Find the line with "八郷プロバンス 担当：細谷 TEL 44-3221" in the entries below, then output every line from it down to the line with "消費者ニーズ販売実習や公開販売では、実際に出荷から販売まで行う", exactly and with no pictures.

### RECORDS FOR THE EXERCISE
- - - -

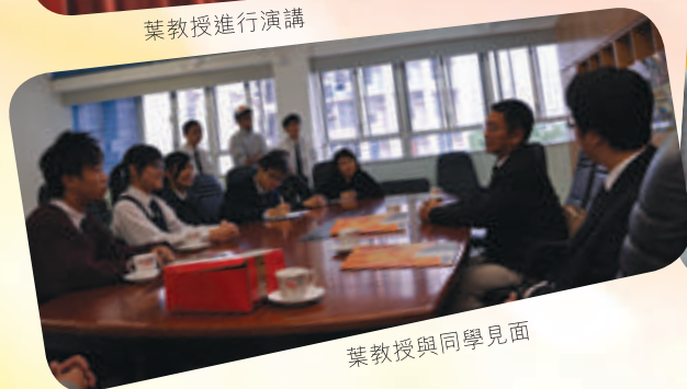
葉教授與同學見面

- - - -

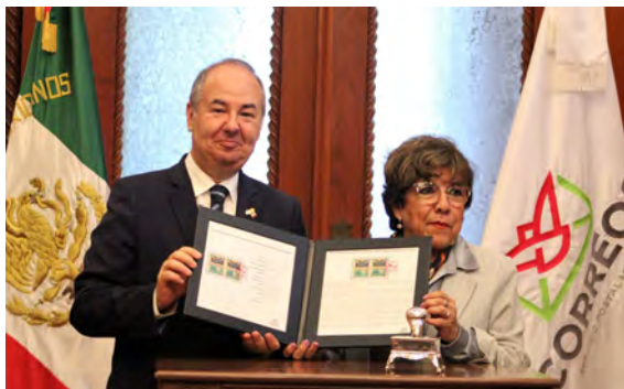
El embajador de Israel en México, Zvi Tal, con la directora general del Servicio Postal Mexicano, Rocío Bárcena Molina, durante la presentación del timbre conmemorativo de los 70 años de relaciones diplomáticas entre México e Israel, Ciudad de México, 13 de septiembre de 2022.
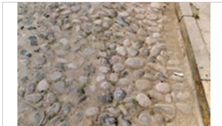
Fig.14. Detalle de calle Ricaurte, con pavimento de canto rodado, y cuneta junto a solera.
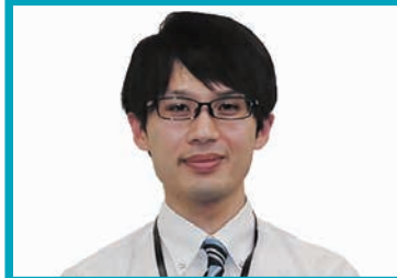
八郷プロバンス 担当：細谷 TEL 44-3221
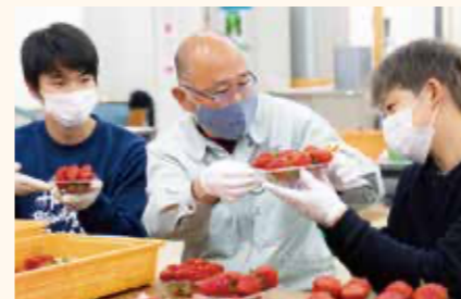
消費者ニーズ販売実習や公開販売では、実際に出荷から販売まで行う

- - - -

### THE ANSWER
八郷プロバンス 担当：細谷 TEL 44-3221
消費者ニーズ販売実習や公開販売では、実際に出荷から販売まで行う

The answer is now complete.